From the northern end of the parish down towards the line of the Derby Canal (along Longmoor Road), the superficial geology of the area is a mix of Eagle Moor Sand and Gravel Member, and Head (clay, silt, sand and gravel). The area between Longmoor Road and the Golden Brook, the deposits are Beeston Sand and Gravel Member. The remaining southern area of the former parish is Hemington Member (silt and gravel), with a meandering strip of Alluvium (clay, silt, sand and gravel) running west to east along the southern boundary of West Park. The Bedrock geology underpinning the superficial deposits are divided into two halves by a strip of Cotgrave Sandstone Member (deposited ~230 million years ago) along the course of the Golden Brook, with Gunthorpe Member Mudstone (deposited ~240 million years ago) in the northern half of Wilsthorpe, and Edwalton Member Mudstone (deposited ~230 million years ago) to the south.

==History==
Wilsthorpe was a settlement in the Old Norse administrative area (known as the wapentake) of Morlestan or Morleystone.

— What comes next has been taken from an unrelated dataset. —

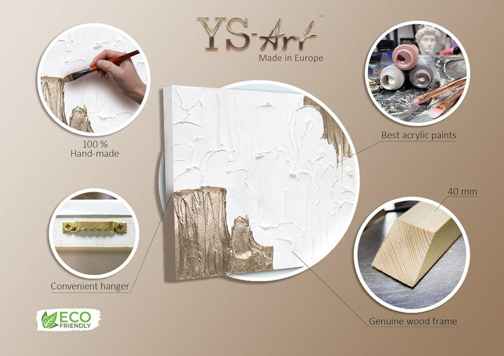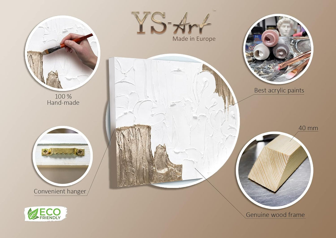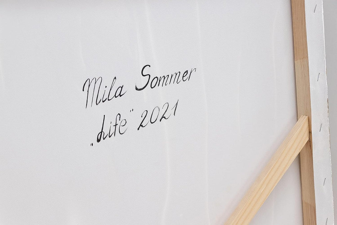 - Alle Komponenten werden komplett von Hand gefertigt. Vom Spannen der Leinwand auf den Keilrahmen bis hin zum Malen und dem sicheren Verpacken des Gemäldes.

At c.1300, the wapentake merged with Litchurch and became the Hundred of Morleston and Litchurch. In 1866, the parish amalgamated with Sawley to become Sawley and Wilsthorpe civil parish. The John Marius Wilson "Imperial Gazetteer of England and Wales (1870-72)" states that at the time of publishing, the parish of Wilsthorpe had a population of 56 and the Kelly's Directory of Derbyshire of 1899 lists the Earl of Harrington as lord of the manor, and principal landowner. By 1934, the Sawley and Wilsthorpe civil parish was abolished and all lands were absorbed into Long Eaton's authority. Now part of Long Eaton, work immediately started on building the new Parkside estate, west of Trent College to Wilsthorpe road, resulting in the removal of the farms that were situated north of the Golden Brook on the eastern side of Wilsthorpe Road. After Parkside was built, only two farms remained of the original hamlet. Both these farms were situated on the western side of the crossroads; now locally known as the Wilsthorpe roundabout. In the late 1950s, houses were built on part of Wilsthorpe Farm, situated north of the road junction. In the mid 1960s, the western boundary of Long Eaton was adjusted to accommodate the arrival of the A52 and the M1 Motorway. Risley gained 17.6 acre of former parish land and Breaston gained 130 acre along the western side of the M1 motorway. Grange Farm (the last of the hamlet buildings) and its surrounding land on the south of the junction, was replaced by the Eaton Farm public house in the 1990s, and by 2013, all the rural land between Wilsthorpe Road, Pertersham Road (B6002) and the M1 Motorway, was fully developed by newbuild housing.

==Today==
Looking north from the Breaston motorway bridge, all the fields between the houses of Breaston and the motorway are what remain of the former rural parish of Wilsthorpe, and it is understood that Bostock Lane's 'Lodge Farm', that once farmed many of these fields, is the only building left that was built before Wilsthorpe parish merged with Sawley in 1866. Reference to Wilsthorpe survives in the name of the local academy Wilsthorpe School, which was founded in 1954 and rebuilt as an academy in 2018. There is also a pub by the name of Wilsthorpe Tavern.

Major recreational facilities in the former parish include West Park and the West Park Leisure Centre. The western half of the park is situated on former Wilsthorpe parish land, which is now used as the staging point for the local Long Eaton Parkrun and the annual Long Eaton Carnival. The western end of the park is also home to various sport clubs such as the Long Eaton Rugby Club, Sawley Cricket Club, and Long Eaton Magpie's FC, to name but a few.